Kristian Vepsäläinen

Published

26 June 2026

Abstract

The public discourse on EU legislation treats legal acts as isolated events — a directive enters into force, a regulation is amended. This framing obscures the statistical structure of EU law. We analyse 215,000 legal acts from the EUR-Lex database using distributional and Bayesian methods, revealing four empirical regularities: (1) regulatory output follows a non-stationary process with identifiable structural breaks tied to institutional events; (2) implementation delay distributions are right-skewed and fat-tailed — the mean is a poor summary statistic; (3) act survival times follow a type-specific hazard function with substantial cross-sectional heterogeneity; and (4) the legal citation network exhibits scale-free degree distribution, implying a small number of foundational acts underpin the majority of EU law. All analyses are fully reproducible using the open-source eurlex R package.

Keywords

EU law, regulatory analysis, Bayesian statistics, survival analysis, network analysis

Introduction

Point estimates dominate public discussion of EU regulation. A directive “enters into force.” A regulation is “amended.” A member state “fails to implement.” Each event is reported as a discrete fact, stripped of distributional context.

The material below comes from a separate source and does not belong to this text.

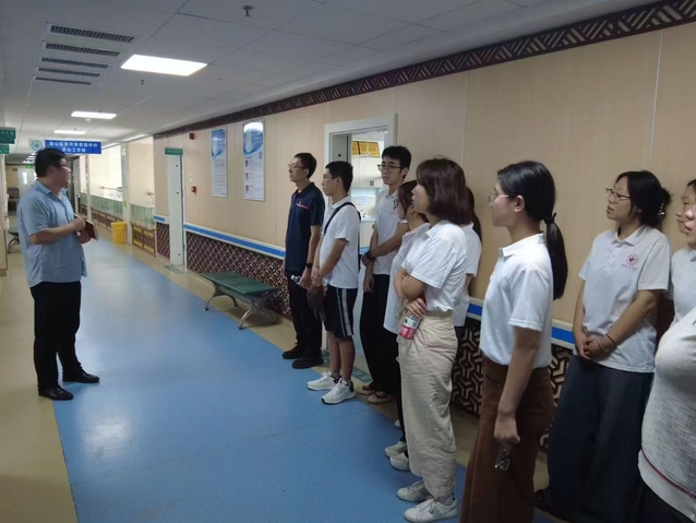 为加深医学生对基层医疗机构运行模式与服务理念的认知及基层医疗岗位的需求,团队实地走访前往虎山镇卫生院进行参观交流。师生一行在卫生院领导带领下了解卫生院的发展历程与改善群众就医条件的实践成果,对基层诊室布局、设备配置及常见疾病防治等内容进行了交流,为后续深入实践奠定基础。

This framing is analytically impoverished. Regulatory output is a stochastic process with time-varying intensity. Implementation delay is a random variable with a fat right tail. Act survival time is a censored duration. Legal citations form a network with non-trivial topology.

None of these phenomena are adequately described by a single number. All of them reveal structure when examined as distributions.

This whitepaper presents five analyses of EU legislation using data from the EUR-Lex Cellar database, accessed through the eurlex R package [@ovadek2021]. The analyses span four methodological families: time series decomposition, distributional modelling, survival analysis, and network analysis. Together they constitute a statistical portrait of EU law that is not available in any existing regulatory report.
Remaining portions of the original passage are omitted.